**TRY IT**
Set down each line of the material that follows, exactly, with no pictures.

**SOURCE DATA**
══════
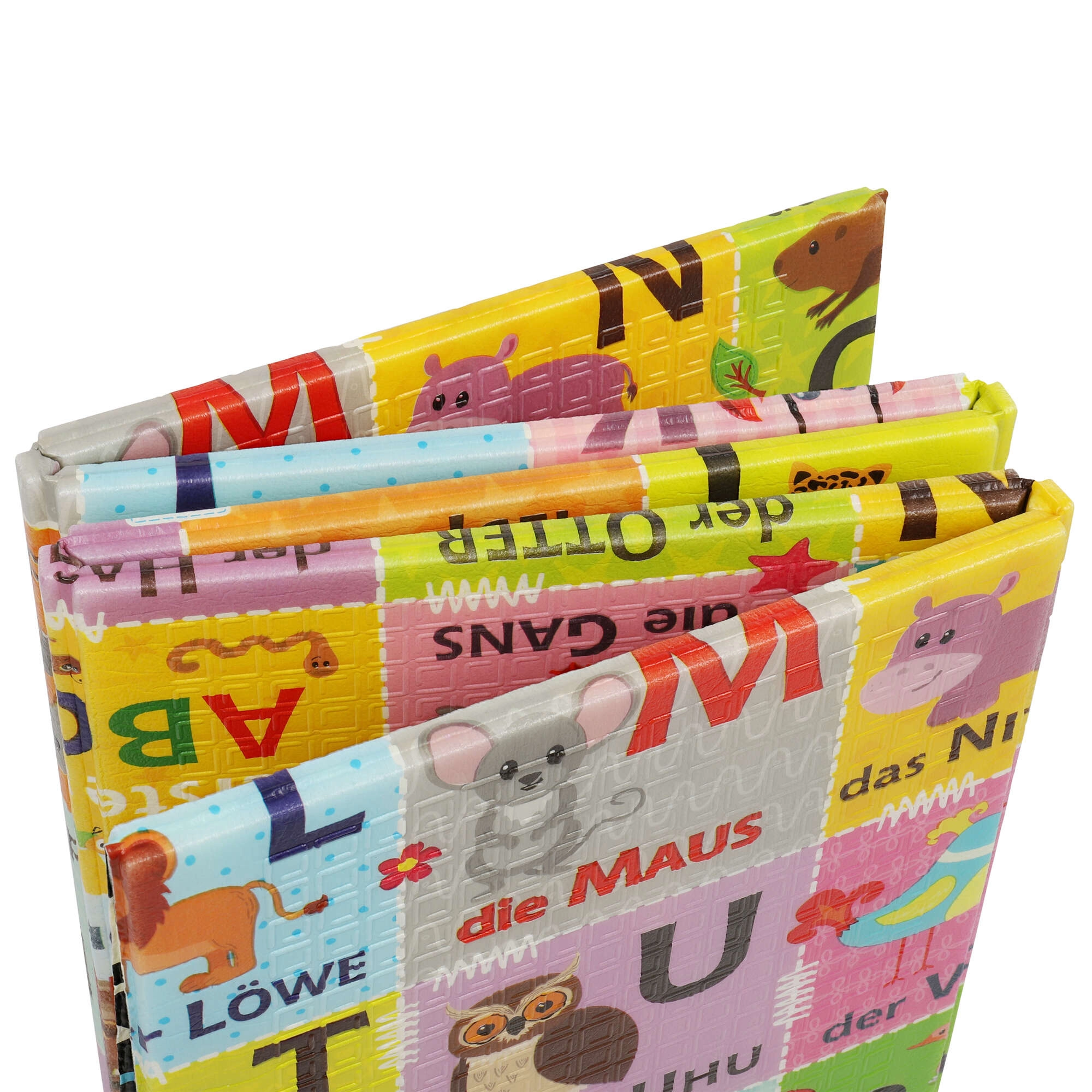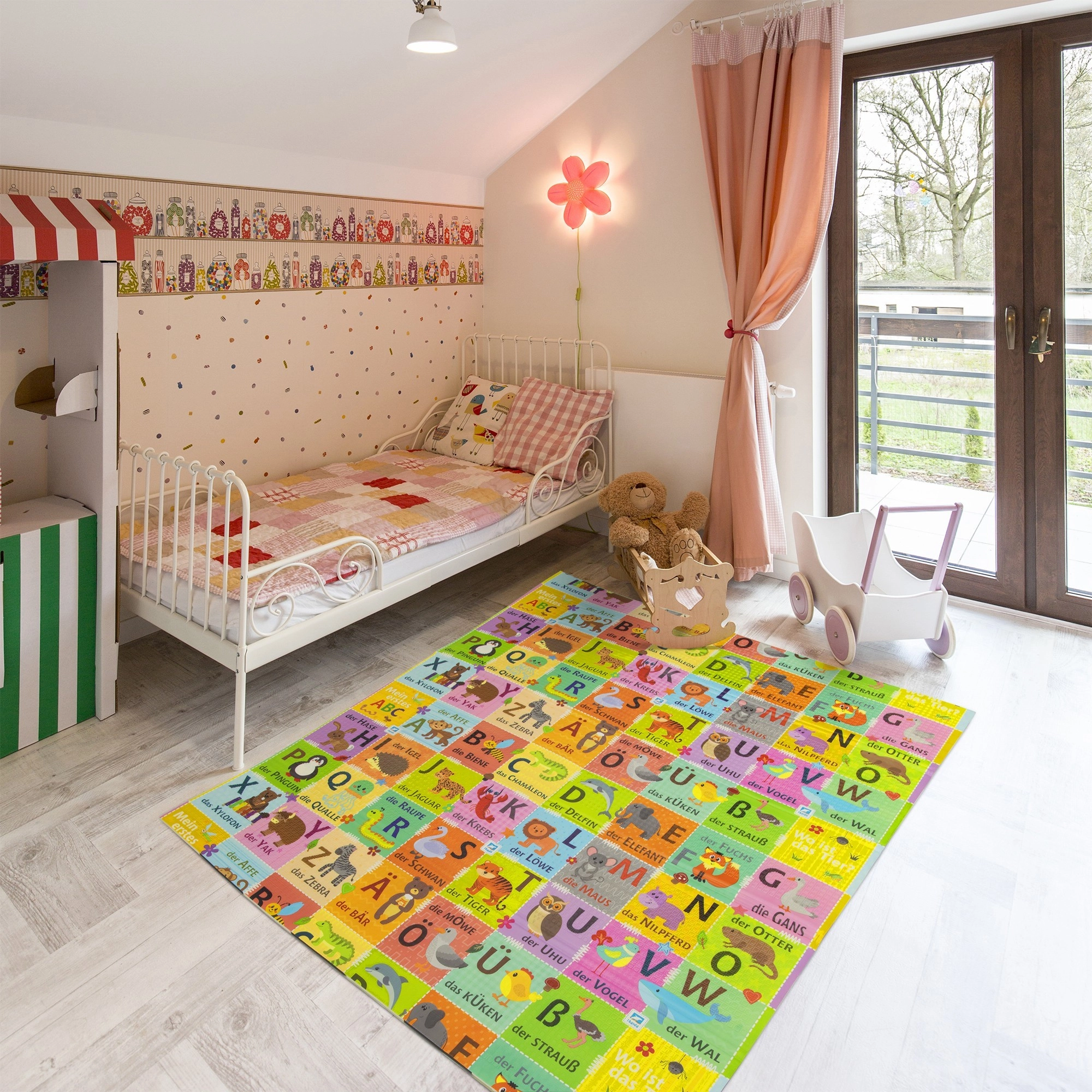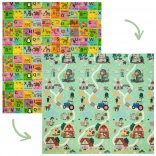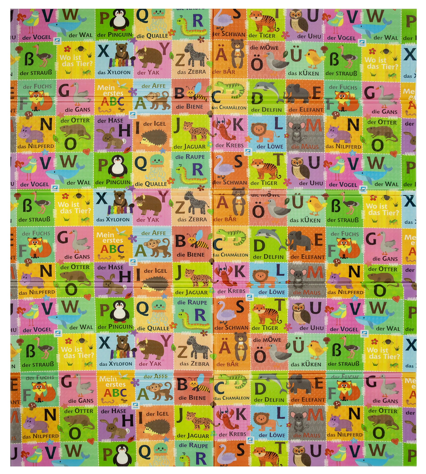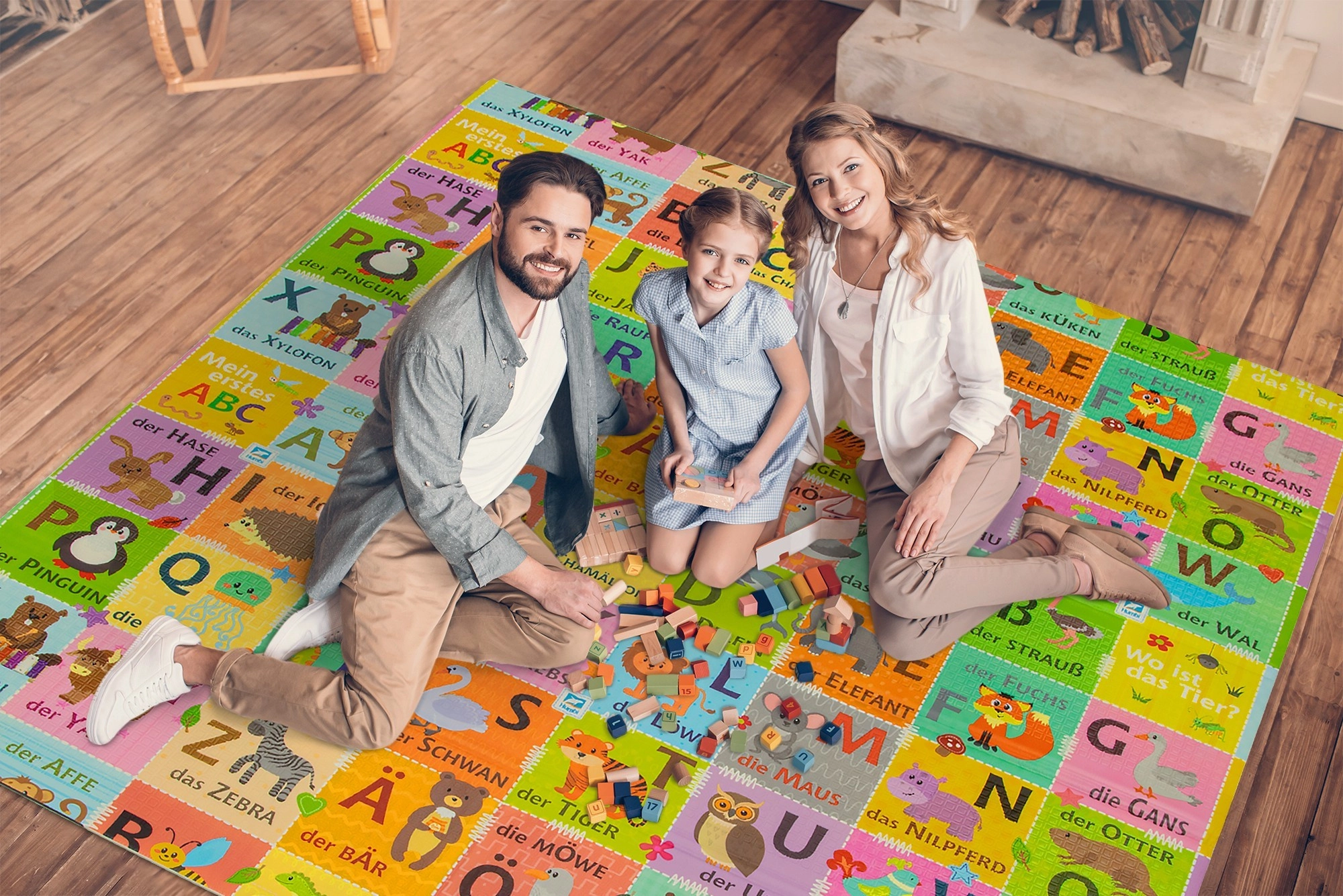 Twee zijden met educatieve graphics stimuleren vroeg leren: de ene toont het Duitse alfabet met dieren, de andere een scène van het leven op het platteland. Dankzij het antislip subtiel reliëfoppervlak is hij veilig voor kruipen en lopen en stimuleert hij de zintuiglijke ontwikkeling.
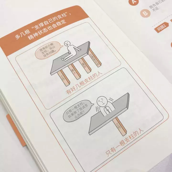 一旦唯一支柱倒了,整个人就随之会失控崩溃。多建立几根支撑自己的支柱,就可以在遭受负面情绪时,通过其它支柱来转移注意力和化解坏情绪。
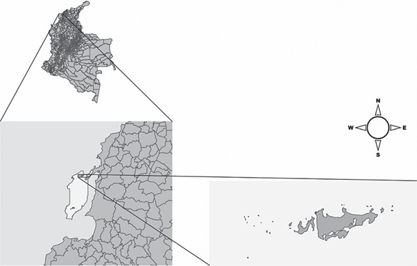 El archipiélago del Rosario, en el Caribe colombiano, es parte del departamento de bolívar y de la ciudad de Cartagena, y está compuesto por 31 islas e islotes. Junto con el archipiélago de San Bernardo, conforma el área protegida Parque Nacional Natural Corales del Rosario y San Bernardo (PNNCRSB), declarada así en 1977 (pineda et al., 2006), cuya ubicación se muestra en la figura 1. El archipiélago del Rosario incluye arrecifes de coral franjeante, praderas de pastos marinos, lagunas costeras, litorales rocosos y arenosos, bosque seco tropical y manglares, los cuales, a su vez, son los ecosistemas priorizados como valor objeto de conservación por parte de Parques Nacionales Naturales de Colombia (PNN) (Díaz, 2000; Pineda et al., 2006).
══════
**YOUR RESPONSE**
 Twee zijden met educatieve graphics stimuleren vroeg leren: de ene toont het Duitse alfabet met dieren, de andere een scène van het leven op het platteland. Dankzij het antislip subtiel reliëfoppervlak is hij veilig voor kruipen en lopen en stimuleert hij de zintuiglijke ontwikkeling.
 一旦唯一支柱倒了,整个人就随之会失控崩溃。多建立几根支撑自己的支柱,就可以在遭受负面情绪时,通过其它支柱来转移注意力和化解坏情绪。
 El archipiélago del Rosario, en el Caribe colombiano, es parte del departamento de bolívar y de la ciudad de Cartagena, y está compuesto por 31 islas e islotes. Junto con el archipiélago de San Bernardo, conforma el área protegida Parque Nacional Natural Corales del Rosario y San Bernardo (PNNCRSB), declarada así en 1977 (pineda et al., 2006), cuya ubicación se muestra en la figura 1. El archipiélago del Rosario incluye arrecifes de coral franjeante, praderas de pastos marinos, lagunas costeras, litorales rocosos y arenosos, bosque seco tropical y manglares, los cuales, a su vez, son los ecosistemas priorizados como valor objeto de conservación por parte de Parques Nacionales Naturales de Colombia (PNN) (Díaz, 2000; Pineda et al., 2006).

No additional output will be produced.